Consumers Pay for Credit Report Mistakes | NBC Southern California

Consumers Pay for Credit Report Mistakes

"They really gave me the runaround," says one frustrated credit holder.

    processing...

    NEWSLETTERS

    Getty Images
    The FTC is warning consumers that there is only one truly free credit reporting service - and that's the US government. (Photo by Joe Raedle/Getty Images)

    You might call it consumer’s worst nightmare: You've done all the right things to earn a good credit score, like paying all your bills on time. But then, you suddenly find out your credit score has been drastically lowered, because of a mistake made by one of the big companies that compile credit reports on you.

    NBCLA discovered that your all-important credit score, is not always accurate.

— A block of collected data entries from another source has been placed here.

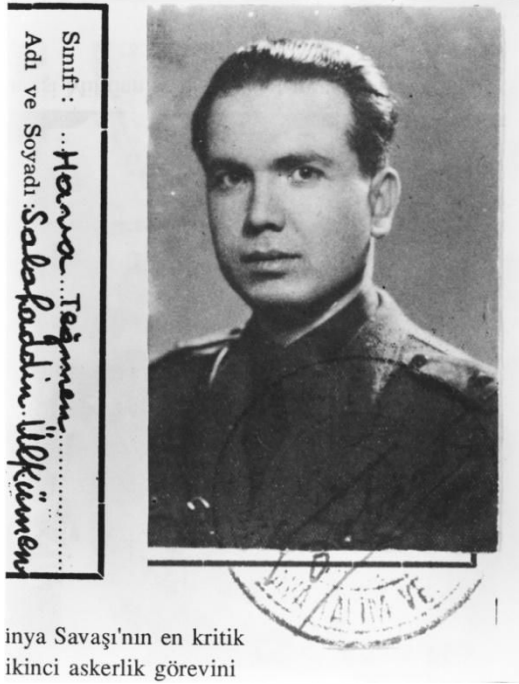
İkinci Dünya Savaşı'nın en kritik ikinci askerlik görevini
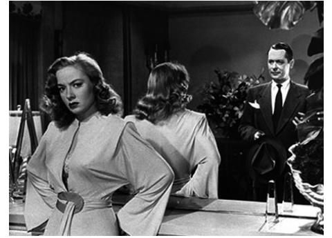
1947 LA DAME DU LAC (Lady in the Lake) de Robert Montgomery avec Robert Montgomery
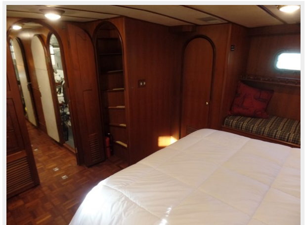
Mujuk Marine Trader 1984 Walkaround Master Stateroom (3)
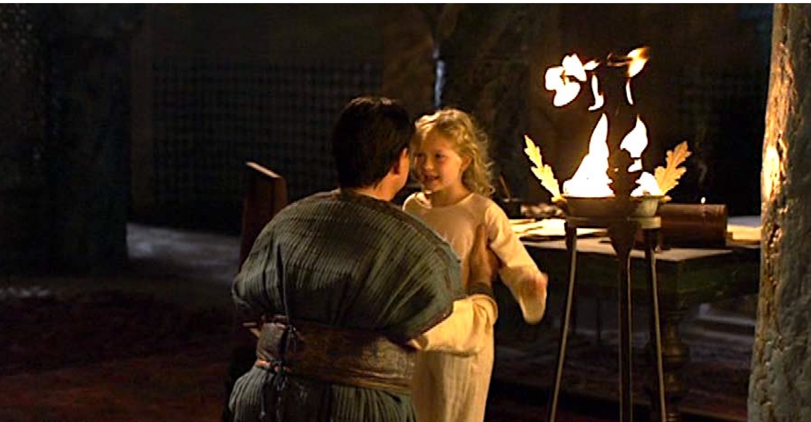
Santa Barbara : Puis son père lui a prétendu que sa mère était morte.
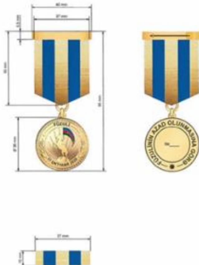
“Füzulinin azad olunmasına görə” Azərbaycan Respublikasının medalı

Медаль Азербайджанской Республики «За освобождение Физули» носится на левой стороне груди, при наличии других орденов и медалей Азербайджанской Республики - после медали «За освобождение Ходжавенда».
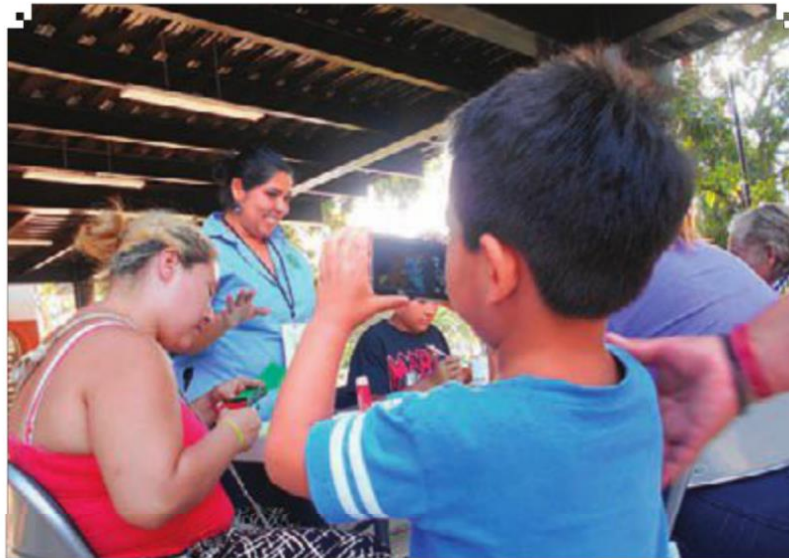
Una de las actividades en la Fábrica de Innovación Creativa para los habitantes de el Tívoli.

En el año 2018, Colima fue el estado de la República mexicana con la mayor tasa de ho-
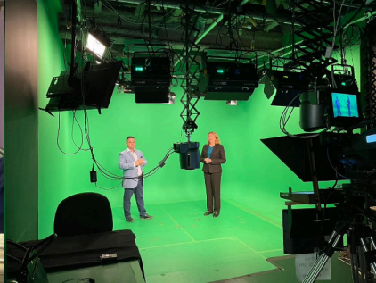
ENTREVISTA AO CANAL PORTUGUES FPTV
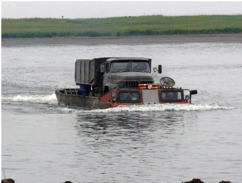
Переправа через р. Большая по дороге в Озерновский

Поселок Озерновский находится на берегу Охотского моря и считается одним из самых труднодоступных населенных пунктов Камчатки. К примеру, в районный центр Усть-Большерецк можно добраться только по грунтовой дороге через несколько переправ или самолетом/вертолетом. В 2018 году в поселке проживало около 1,5 тыс. человек. Местные жители заняты ловом нерки, других видов рыб, морепродуктов, а также на рыбоперерабатывающих предприятиях.
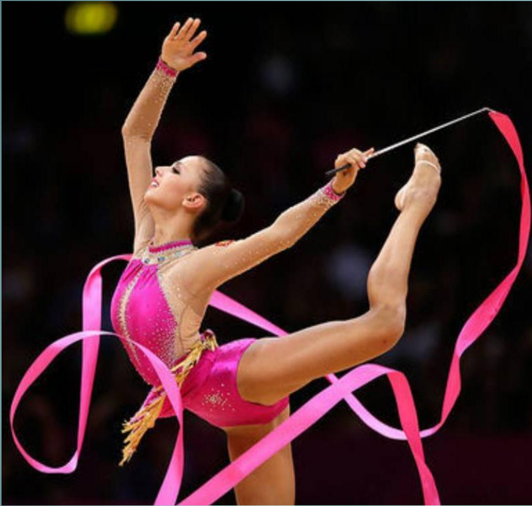
Обычная лента для выступления
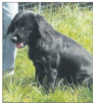
Pika, pika, pikica, to je ena slikica. Dolga ušesa, kratek vrat, pa po bradi mal' kosmat. Kdo sem? Ja, kuža, ne! (8473)

Sama sem bila v dvomih glede hranjenja s surovo hrano, a po dveh urah brskanja za dodatnimi informacijami
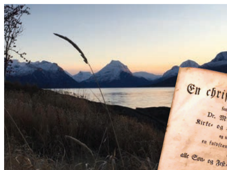
Godt og tjenelig vær.
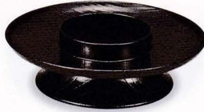
Y49-2 4.2 茶台 樺 黒 ¥6,000 (税別) (φ12.6×3.8)1個 漆 [化粧] [国産]
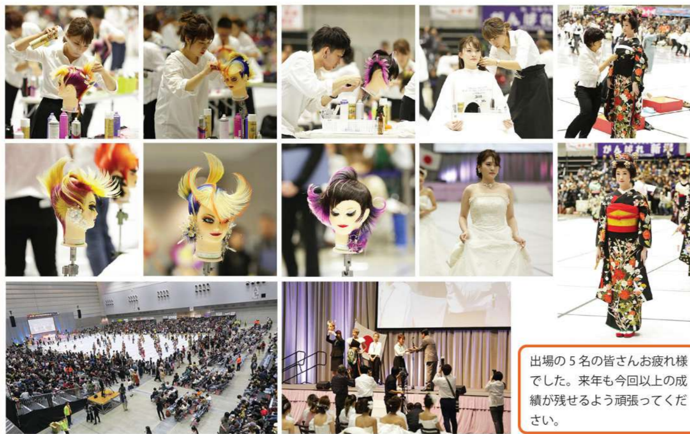
出場の5名の皆さんお疲れ様でした。来年も今回以上の成績が残せるよう頑張ってください。

And some consumers tell us, fixing the problem isn’t easy.

    Credit Score Problems

    [LA] Credit Score Problems
    Joel grover examines problems consumers say they are having with companies that compile credit history. (Published Friday, Dec. 11, 2009)

    "I've never had a late payment on anything--any utility, any home loan, car loans, credit cards," says Nicole Martinez of Sylmar, California. And that's why Martinez earned a stellar credit score of over 800. Because of her high score, banks have given her one platinum credit card after another, and she had no problem getting a home loan this past summer. Then suddenly last month, she got a letter from Bank of America, saying they were slashing her $22,500 credit limit, to $700, because of a "history of delinquency with other creditors."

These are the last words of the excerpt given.